For one, it unifies two distinct but delicious components of a well-rounded breakfast plate, saving both time and effort.

I like to think the sausage biscuit as we know it today was born of this convenience one pre-dawn morning in a warm, Southern farm kitchen. Let’s say sometime in the 1850s. A doting wife prepared her husband a hearty breakfast of a biscuit and a cut of sausage before he struck out into the fields for the day. Though he would have loved to sit a spell and enjoy that plate with a tall glass of goat’s milk, duty called. He ran out the door, deftly working the sausage INTO the biscuit for ease of handling. His wife scoffed. The rooster crowed. And angels sang on high.

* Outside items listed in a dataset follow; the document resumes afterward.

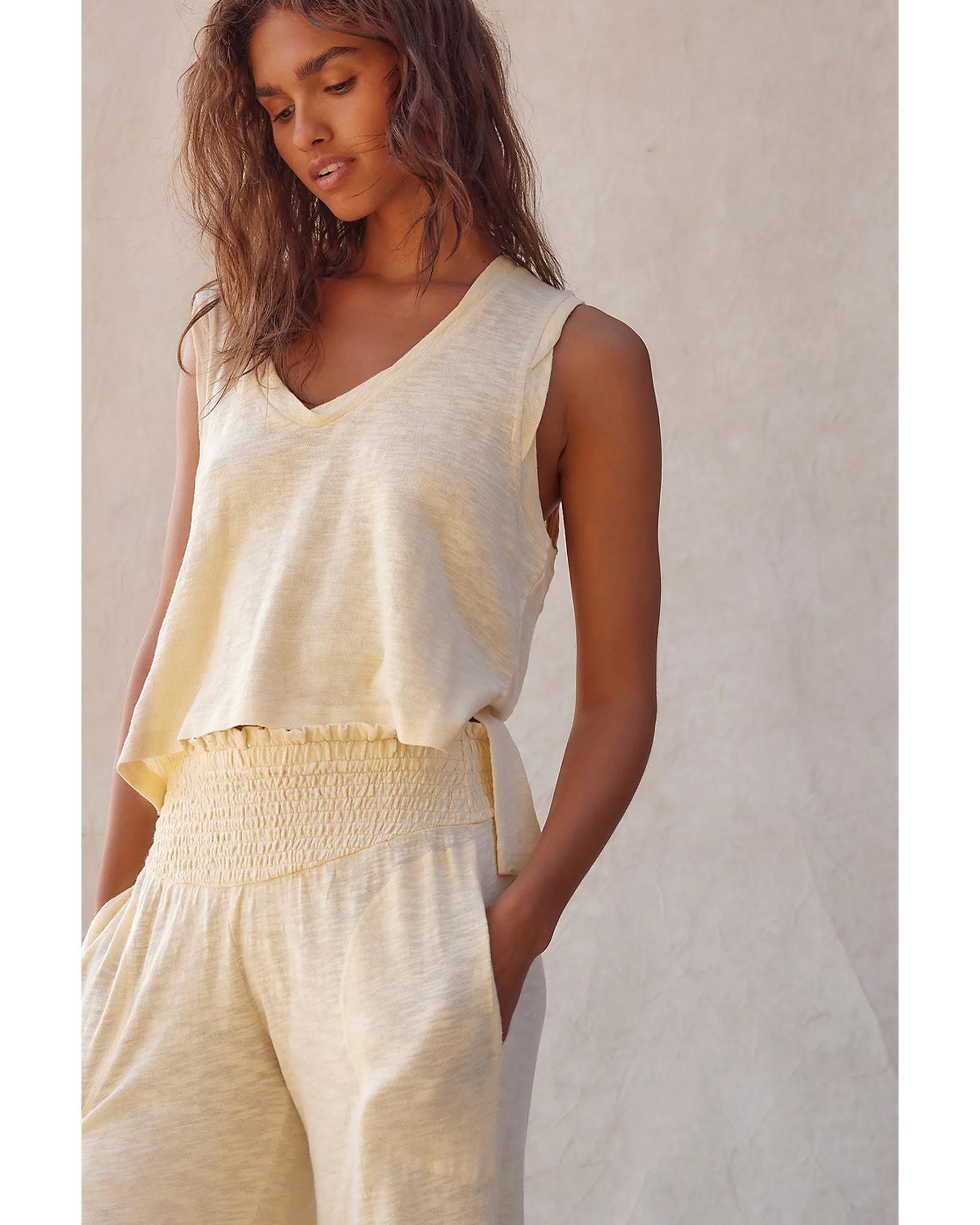 This beige solid color tank top and smocked waist pants set offers a comfortable and stylish look. The sleeveless design makes it easy to layer, while the smocked waist provides stretch and adjustability. The wide-leg pants contribute to a relaxed and trendy appearance, making it suitable for casual wear.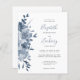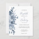 A borda esquerda deste convite romântico de casamento apresenta um buquê floral de cor d'água de flores azuis poeirentas e verde. O texto personalizável combina manuscritos, compêndios e fontes itálicas em cinzas poeirentas de azul e carvão em fundo branco. Adicione mais detalhes no verso, juntamente com um código QR para ajudar seus convidados a visitar seu site de casamento.
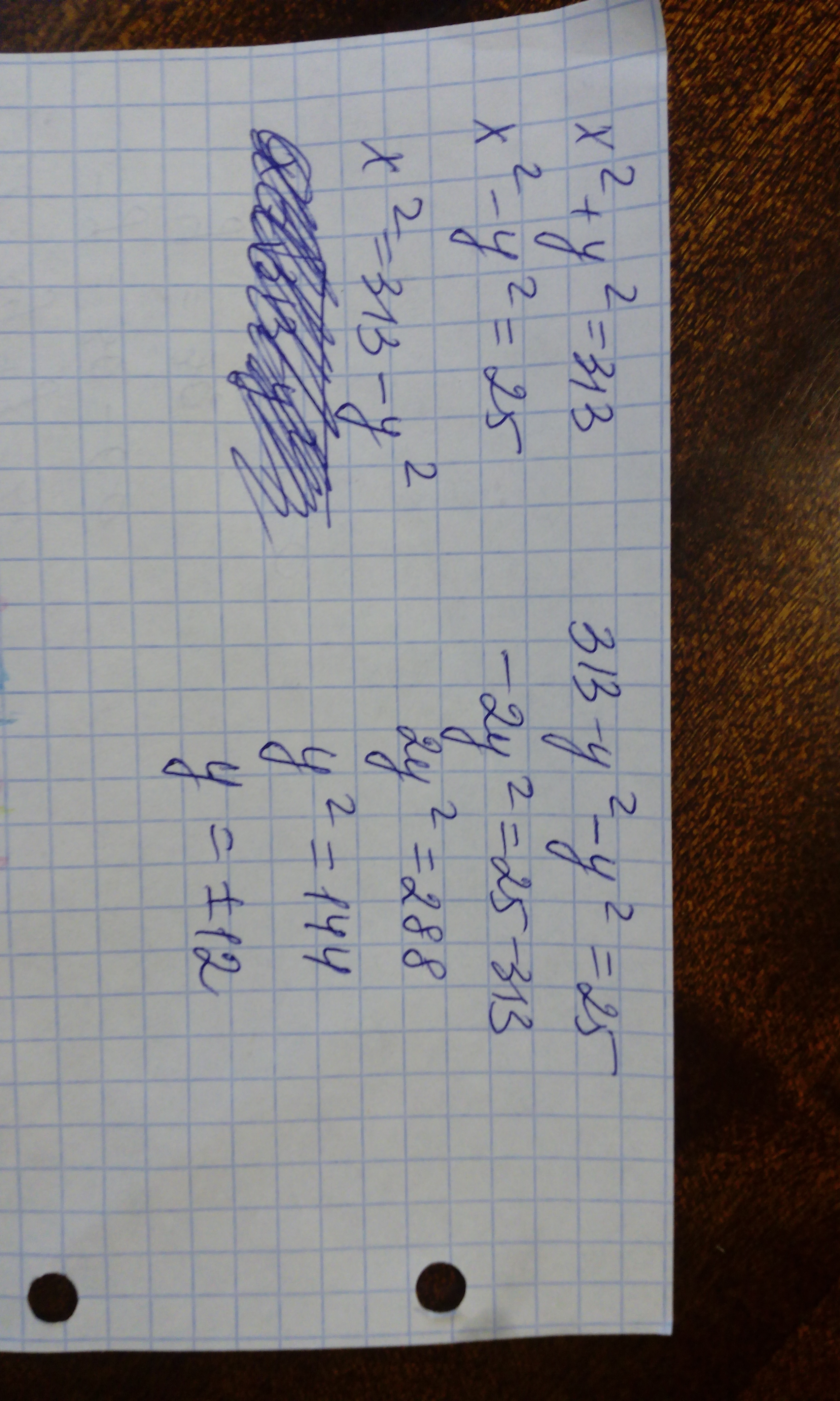 сумма квадратов чисел равна 313 а разность их квадратов равна 25 Найдите эти числа и в ответе укажите их разность

Second, the pairing of a fluffy *absorbent* biscuit with a greasy sausage patty is a culinary masterstroke in its balance of two extremes. Biscuits can be too dry, patty sausage too greasy; the union rectifies both issues.

That said, not all sausage biscuits are created equal. Most fast food chains smother their true quality under melted American cheese and a disc of warmed-over egg. Sadly, the pure form of the sausage biscuit is often relegated to the value portion of the menu and given little thought or fanfare, the limelight resting on more glamorous options. (Double-Ham Breakfast Sourdough King, anyone?)

A month or so ago, I set out to bring sausage biscuits center stage, embarking on a journey to find the best among the fast food options typically available to us Southerners.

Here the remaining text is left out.